To explore correlations between the systemic immune inflammatory index (SII) and geriatric nutritional risk index (GNRI) and HCC operation prognosis.
This retrospective study included and collected follow up data from 100 HCC. Kaplan–Meier survival curves were used to analyze the correlation between SII and GNRI scores and survival. SII and GNRI were calculated as follows: SII = neutrophil count × platelet count/lymphocyte count; GNRI = [1.489 × albumin (g/L) + 41.7 × actual weight/ideal weight]. We analyzed the predictive efficacy of the SII and GNRI in HCC patients using receiver operating characteristic (ROC) curves, and the relationships between the SII, GNRI, and survival rate using Kaplan–Meier survival curves. Cox regression analysis was utilized to analyze independent risk factors influencing prognosis.
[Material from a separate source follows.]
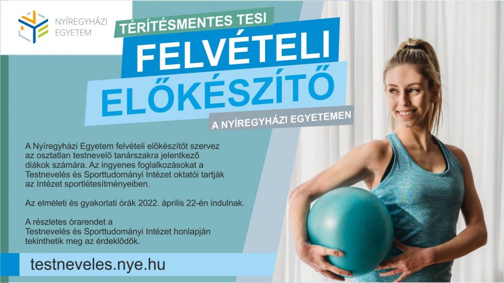 A Nyíregyházi Egyetem felvételi előkészítőt szervez az osztatlan testnevelő tanárszakra jelentkező diákok számára. Az ingyenes foglalkozásokat a Testnevelés és Sporttudományi Intézet oktatói tartják az Intézet sportlétesítményeiben. Az elméleti és gyakorlati órák 2022. április 22-én indulnak. A részletes órarendet a Testnevelés és Sporttudományi Intézet honlapján tekinthetik meg az érdeklődők.

After 1 year of follow-up, 24 patients died and 76 survived. The area under the curve (AUC), sensitivity, specificity, and the optimal cutoff value of SII were 0.728 (95% confidence interval: 0.600-0.856), 79.2%, 63.2%, and 309.14, respectively. According to ROC curve analysis results for predicting postoperative death in HCC patients, the AUC of SII and GNRI combination was higher than that of SII or GNRI alone, and SII was higher than that of GNRI (P < 0.05). The proportion of advanced differentiated tumors, tumor maximum diameter (5–10 cm, > 10 cm), lymph node metastasis, and TNM stage III-IV in patients with SII > 309.14 was higher than that in patients with SII ≤ 309.14 (P < 0.05). The proportion of patients aged > 70 years was higher in patients with GNRI ≤ 98 than that in patients with GNRI > 98 (P < 0.05). The 1-year survival rate of the SII > 309.14 group (compared with the SII ≤ 309.14 group) and GNRI ≤ 98 group (compared with the GNRI > 98 group) was lower (P < 0.05).
The prognosis after radical resection of HCC is related to the SII and GNRI and poor in high SII or low GNRI patients.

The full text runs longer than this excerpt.